El choque me dolió, pero no le dije nada. Era un chico. A un tipo grande le habría dicho, al menos, "mirá por dónde caminás, boludo". Él tampoco dijo nada. Unos cuantos metros más adelante pensé "me dolió más a mí que a él", y me di vuelta para ver si acusaba el golpe como yo, pero no lo vi.
Seguí caminando, me agarró el semáforo de Quintino Bocayuva. Cuando se puso en verde, crucé esa calle. Pasé por la heladería de la esquina, por el kiosco donde venden relojes, por el kiosco que está junto al garaje, por la puerta del garaje... A esa altura recuerdo haber girado mi cabeza hacia mi derecha, sin detenerme, sorprendido por algo: era un taxi que venía muy rápido y se detenía junto a mí. En esa foto mental el taxi ya tenía la puerta del conductor abierta, como si este la estuviera sosteniendo con la mano mientras frenaba.
Volví a mirar al frente y no habré dado más de tres pasos que siento golpes en mi cara, en toda mi cabeza, unos golpes que me sacuden y me dejan mirando para la vereda de enfrente. Unos golpes que no me dejan ver, porque me encorvo para protegerme y porque, aun sin verlas, puedo sentir que son varias personas las que me pegan. Unos golpes que, finalmente, me hacen caer al piso, donde me siguen pegando, ya no solo trompadas, sino también patadas.
Recién cuando estoy en el piso dicen algo que explica la situación. Dicen que le pegué a un chico. Dicen que el chico es el hijo de uno de ellos. La golpiza se interrumpe unos segundos y puedo ver que en el asiento trasero izquierdo del taxi está el pibe este. Trato de explicarles lo que había pasado, pero muy rápidamente comprendo que no hay posibilidad de que atiendan mi versión de los hechos, ni, mucho menos, tienen interés en hacerlo. Entonces, seguramente para atemperar la cosa, se me ocurre decirles a mis agresores que, si quieren, le pido disculpas al niño. Su negativa incluye más golpes que palabras.
De pronto, sin que ninguno dijera nada al respecto, sin que dijeran "bueno", "basta", "ya está", "vamos", actuando con la sincronización del equipo Ferrari de Fórmula 1 cuando cambia las gomas en una carrera, los tres se dirigen hacia el auto. Uno de ellos, flaco y canoso, con una barba de pocos días, me amenaza desde la calle, justo antes de abrir la puerta delantera derecha, y en su bravata incluye la expresión "no te quiero ver más por  el barrio". La recuerdo claramente porque vivo en el barrio. Y porque pensé en eso cuando lo oí, desparramado en la vereda. El gordo que maneja también dice algo amenazante.

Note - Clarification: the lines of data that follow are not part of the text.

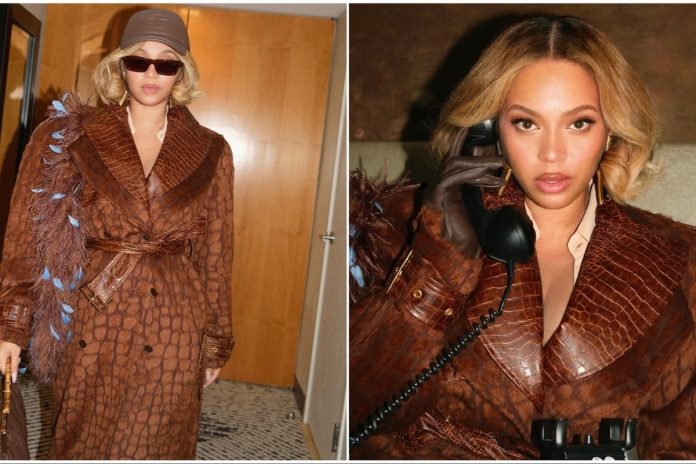 Bey’s dump featured her in an all-brown, suede trench coat and blue jeans, plus a feathery scarf and a matching hat on top of her bold bob.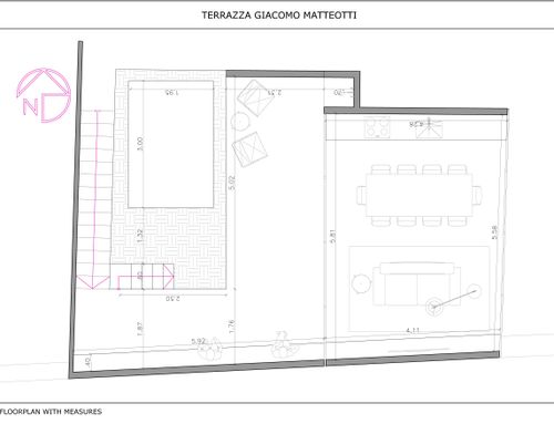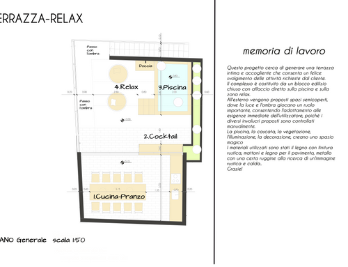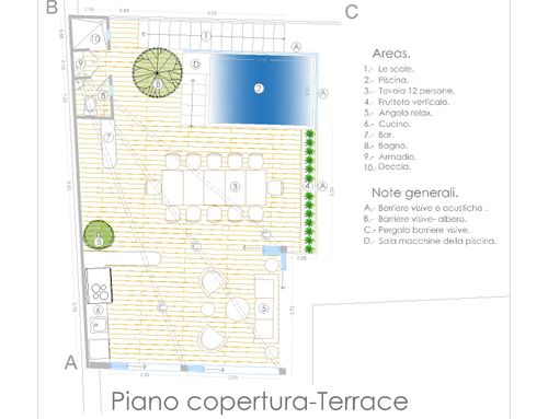 Desideriamo avere una piccola piscina, dimensioni massime 3 m x 2 m oppure 3 m x 3 m, da posizionare obbligatoriamente nell’angolo dove indicato, per questioni strutturali. Deve esserci una doccia.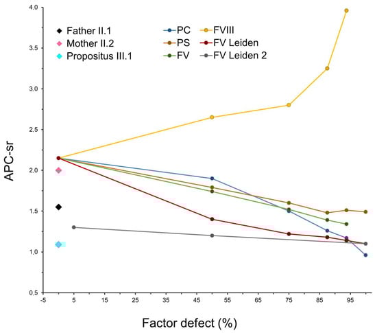 Figure 3 shows the anticoagulant profiles of PC, PS, and FV assessed as the ratio of sensitivity to APC (APC-sr) of the different scalar dilutions and compares them to FV-Leiden (a reference APC-resistant molecule) and FVIII (a classical factor showing only procoagulant ability). In detail, it is strongly evident that, as the percentage of FV-Leiden increased in the system, the APC-sr score decreased, and so they are inversely related (red line in Figure 3). On the contrary, APC-sr and FVIII levels (assessed as a percentage of the defect) are directly related, which means that as the levels of FVIII decreased, the response and sensitivity to APC increased (yellow line in Figure 3). Interestingly, when the FV-Leiden sample was diluted with FV-depleted plasma (grey line in Figure 3), it showed a more resistant phenotype in terms of APC-sr compared to the dilutions performed in the normal pool plasma (red line). This is in accordance with the reported pseudo-homozygous condition of FV-Leiden, which was established when p.R506Q and an FV type I deficiency have trans-coinheritance [,].

Antes o después de ese hecho, el gordo que viajaba en el asiento trasero derecho interrumpe su retirada cuando llega al cordón de la vereda, a la altura de la parte trasera del taxi, y vuelve corriendo hacia mí para pegarme una patada en el medio del pecho. Bah, en el medio... Un toque hacia la derecha, entre el medio y la tetilla. Como  sucedió con todos los otros golpes que recibí, no pude esquivarlo. Ni siquiera pude intentar esquivarlo. Tal vez haya sido mejor: si ponía el brazo, capaz me lo rompía con su patada a la carrera.
Cuando el gordo que manejaba cierra la puerta del auto, cuando ya se están yendo, veo la licencia del taxi, y se me ocurre intentar memorizar la patente. Acelera y puedo recordar dos cosas: que el taxi no tiene baúl, y que la patente es JRQ780.